**WORK REQUIRED:** The copy must match the data below line for line and contain no images.

[DATA PROVIDED — start]

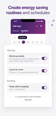 * Automate your smart plug connected appliances and smart thermostat to shut them off when they are not in use
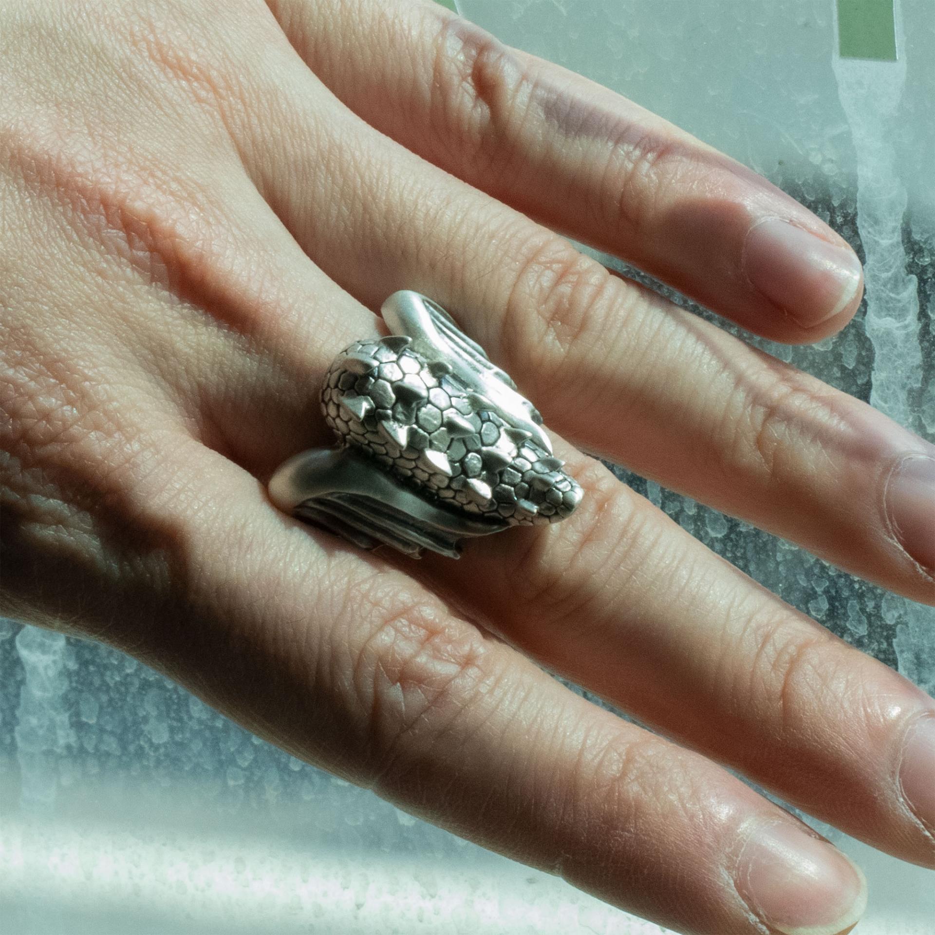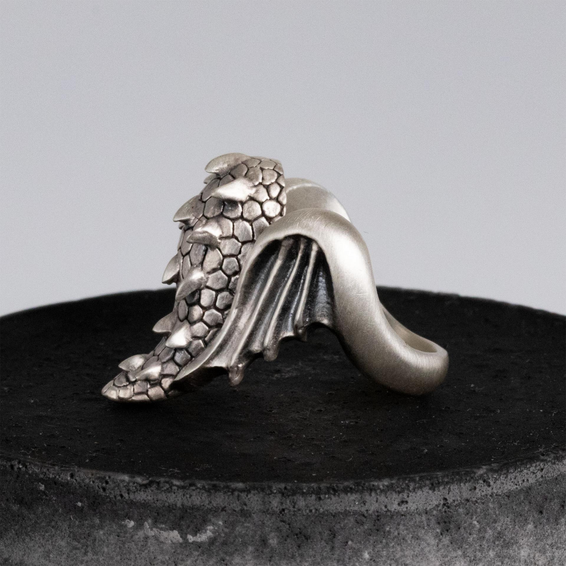 이 반지는 용의 꼬리를 중심으로, 양쪽 날개가 이를 받쳐주는 대칭적 구조로 설계되었습니다.
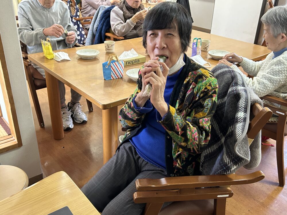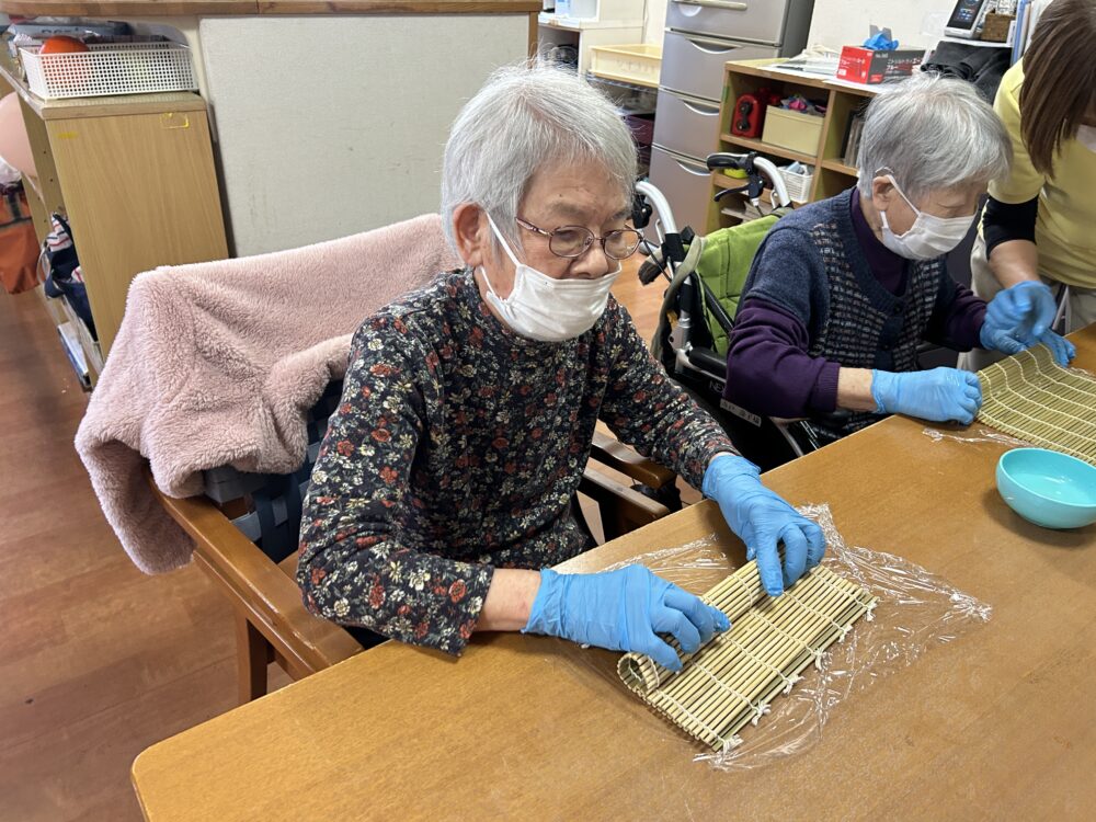 ご自分で恵方巻を作り食べるのが初めてという方が多くびっくりしましたが、とても手際よく作ってくださいました。「おいしかった!」と皆さん喜んで下さり良かったです。施設を利用していると食事を作る機会も減ってきますが、八幡小規模では季節の食事やおやつを定期的に作っています。また自宅での生活が一日でも続くよう、施設の掃除や洗濯等もお客様と一緒に行っています。

[DATA PROVIDED — finish]

**COMPLETED EXERCISE:**
 * Automate your smart plug connected appliances and smart thermostat to shut them off when they are not in use
 이 반지는 용의 꼬리를 중심으로, 양쪽 날개가 이를 받쳐주는 대칭적 구조로 설계되었습니다.
 ご自分で恵方巻を作り食べるのが初めてという方が多くびっくりしましたが、とても手際よく作ってくださいました。「おいしかった!」と皆さん喜んで下さり良かったです。施設を利用していると食事を作る機会も減ってきますが、八幡小規模では季節の食事やおやつを定期的に作っています。また自宅での生活が一日でも続くよう、施設の掃除や洗濯等もお客様と一緒に行っています。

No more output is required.